§ **Stored data**:
▼

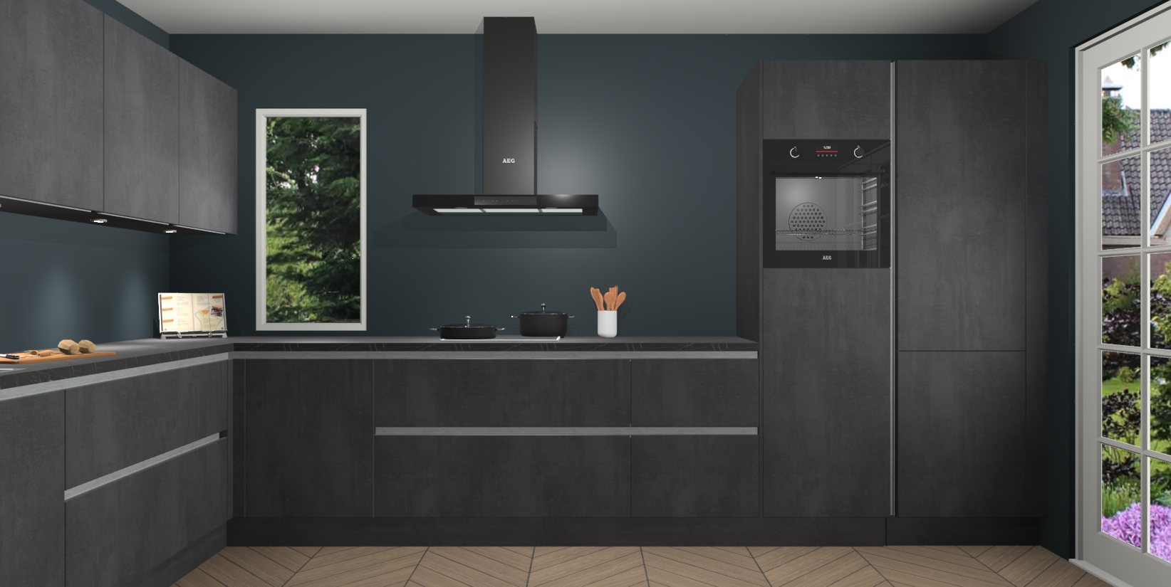 Heeft u nog apparatuur nodig? Geen probleem: de beton zwarte greeploze keuken Harare bevat vijf ingebouwde apparaten - een oven, inductiekookplaat, afzuigkap, vaatwasser en koelkast - die gemakkelijk kunnen worden bijgewerkt naar AEG na bestelling. En als dat nog niet genoeg is; onze kasten worden pre-geassembleerd geleverd en zijn verkrijgbaar tegen een vastgeroeste lage prijs! U hoeft nooit meer te zoeken naar goede kwaliteit en service want onze producten hebben echt Duitse kwaliteit.
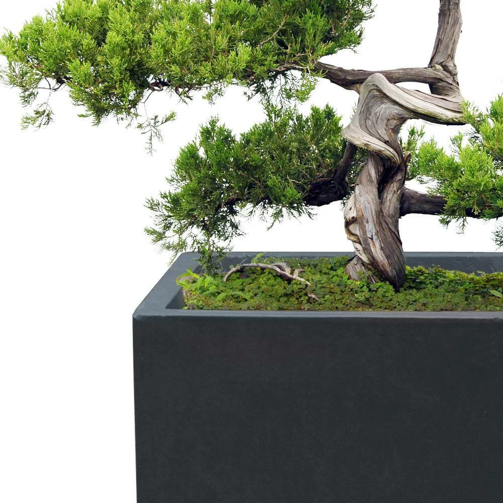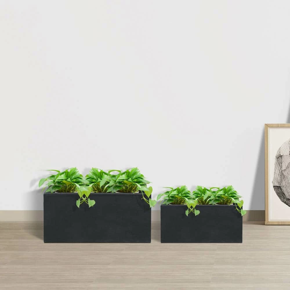 KANTE 31.4″ & 23.6″L Rectangular Charcoal Finish Lightweight Concrete Long Planters w/Drainage Hole Set of 2, Outdoor/Indoor
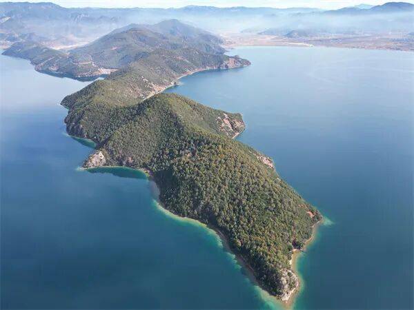 泸沽湖水面如同蓝水晶镶嵌在群山之间

▲

§ **Work to be completed**: Transcribe the listing word for word, but keep its pictures out of the copy.

§ **Result**:
 Heeft u nog apparatuur nodig? Geen probleem: de beton zwarte greeploze keuken Harare bevat vijf ingebouwde apparaten - een oven, inductiekookplaat, afzuigkap, vaatwasser en koelkast - die gemakkelijk kunnen worden bijgewerkt naar AEG na bestelling. En als dat nog niet genoeg is; onze kasten worden pre-geassembleerd geleverd en zijn verkrijgbaar tegen een vastgeroeste lage prijs! U hoeft nooit meer te zoeken naar goede kwaliteit en service want onze producten hebben echt Duitse kwaliteit.
 KANTE 31.4″ & 23.6″L Rectangular Charcoal Finish Lightweight Concrete Long Planters w/Drainage Hole Set of 2, Outdoor/Indoor
 泸沽湖水面如同蓝水晶镶嵌在群山之间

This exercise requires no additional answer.